▶ Recorded data:
+ + +

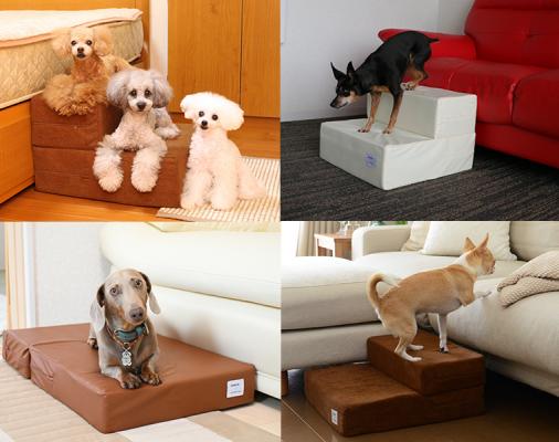 中身は適度なクッション性を持つソフトウレタンで、足腰の弱い小さな愛犬たちが使いやすいよう考慮しました。
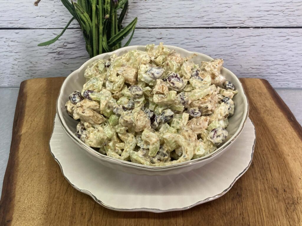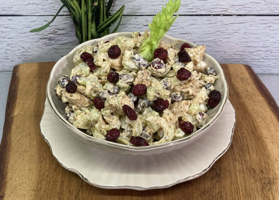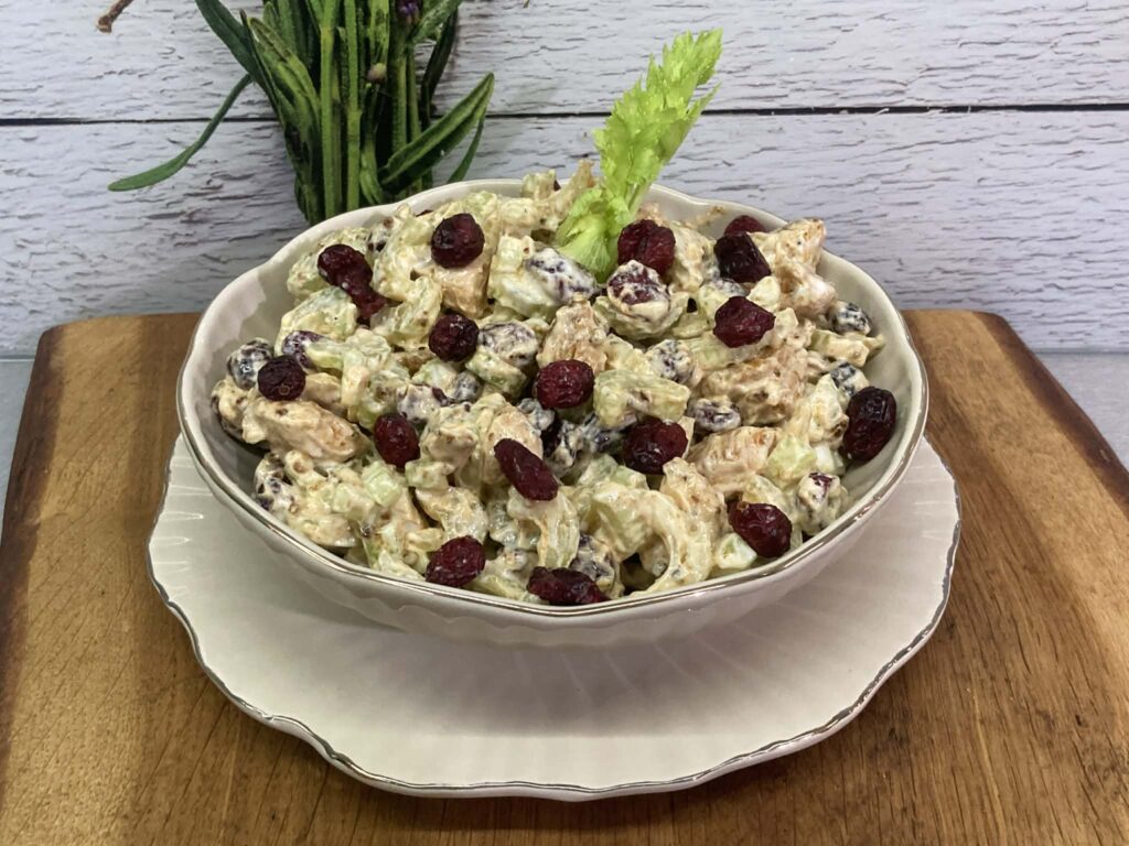 Ta sałatka to świetne połączenie delikatnego kurczaka, chrupiącego selera naciowego i lekko słodkiej żurawiny. Jest szybka w przygotowaniu, sycąca, a jednocześnie bardzo świeża w smaku. Idealnie sprawdzi się na kolację, do pracy albo jako sałatka na spotkanie z rodziną. Sos jogurtowo-majonezowy jest kremowy, ale nie za ciężki – dokładnie taki, jak trzeba.
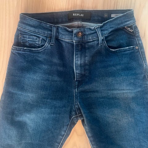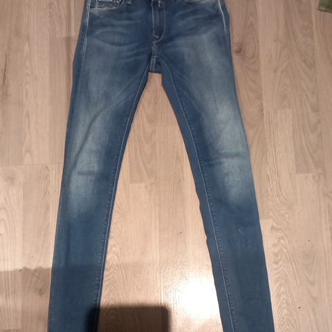 Meget pent brukt Replay Luzien jeans str 24 med fantastisk strech selges da den har blitt for liten. Ingen bruksmerker. Selges billig. 250kr

+ + +

▶ Assignment: When copying, output the data exactly and leave out the pictures.

▶ Worked solution:
 中身は適度なクッション性を持つソフトウレタンで、足腰の弱い小さな愛犬たちが使いやすいよう考慮しました。
 Ta sałatka to świetne połączenie delikatnego kurczaka, chrupiącego selera naciowego i lekko słodkiej żurawiny. Jest szybka w przygotowaniu, sycąca, a jednocześnie bardzo świeża w smaku. Idealnie sprawdzi się na kolację, do pracy albo jako sałatka na spotkanie z rodziną. Sos jogurtowo-majonezowy jest kremowy, ale nie za ciężki – dokładnie taki, jak trzeba.
 Meget pent brukt Replay Luzien jeans str 24 med fantastisk strech selges da den har blitt for liten. Ingen bruksmerker. Selges billig. 250kr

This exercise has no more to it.